Matcha Pumpkin Pie

By: modest marce

Thanksgiving sweets are always delicious, but sometimes they can get repetitive. Give your guests a change of pace with this not so traditional Matcha Pumpkin Pie!


Matcha Pumpkin Pie

SERVINGS: 1 pumpkin pie

TIME: 4 hrs, 45min

CATEGORY: Desserts

INGREDIENTS

  • • 1 9-inch unbaked pie crust, store bought or homemade
  • • ½ cup turbinado sugar
  • • ½ cup honey
  • • 3 large eggs, room temperature
  • • 2 cups pumpkin puree
  • • 1 ¼ cup whipping cream
  • • 1 tsp pure vanilla extract
  • • 1 ½ tsp Aiya Culinary Grade Matcha
  • • 1 Tbsp water, boiling
  • • 1 tsp ground ginger
  • • ½ tsp cinnamon
  • • ¼ tsp nutmeg
  • • ¼ tsp salt
  • • Powdered sugar, for dusting

DIRECTIONS

  • 1. Preheat oven to 400°F and chill prepared pie crust in the refrigerator.
  • 2. In a large mixing bowl whisk together the sugar, honey, eggs, pumpkin, cream and vanilla until well blended.
  • 3. In a small mixing bowl add the Matcha and boiling water.

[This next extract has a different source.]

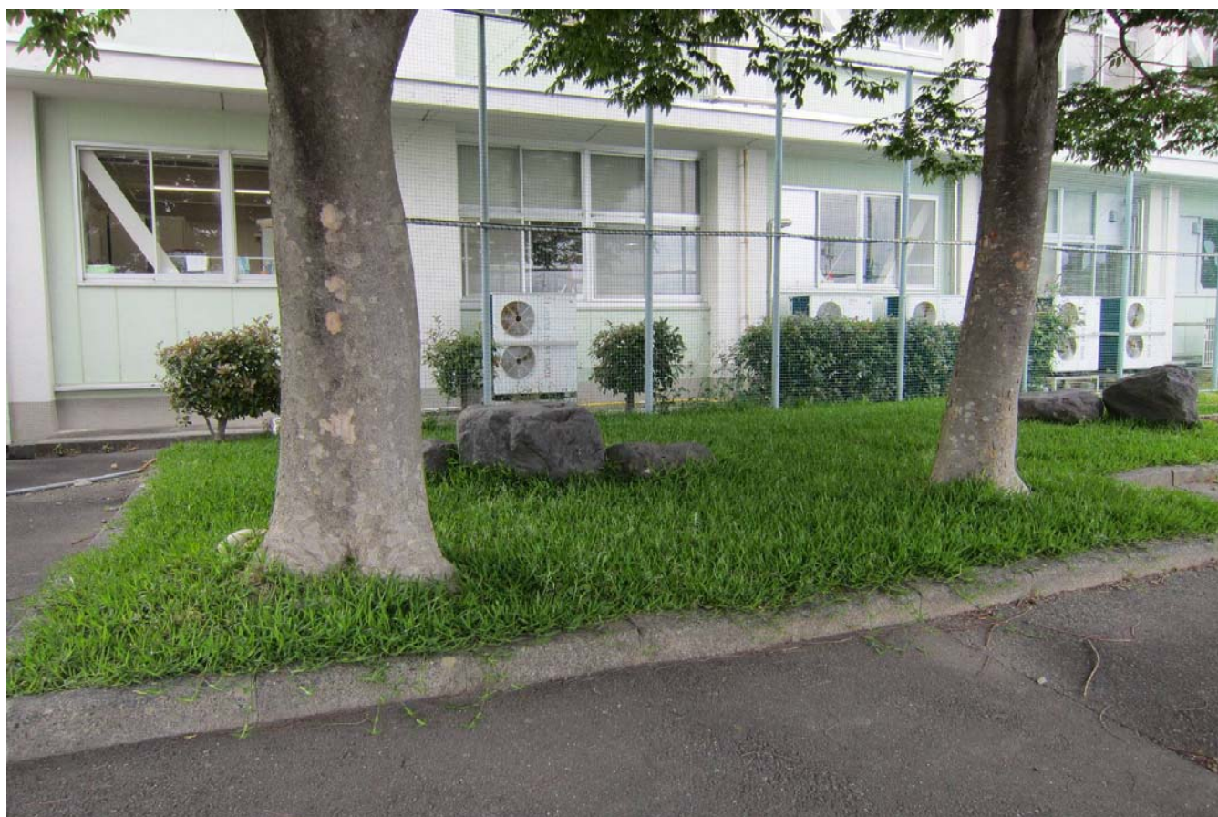
静岡県立吉田特別支援学校 校庭と校舎間の踊り場部分

Whisk virgorously until the Matcha is fully dissolved.
  • 4. Add Matcha to the pumpkin mixture followed by the ginger, cinnamon, nutmeg and salt. Stir until combined.
  • 5. Transfer filling to prepared pie crust and bake for 45 minutes, until the edges have set and the center is still jiggly. Let cool to room temperature before serving. (about 4 hours)
  • 6. Dust with powdered sugar and top with whipped cream!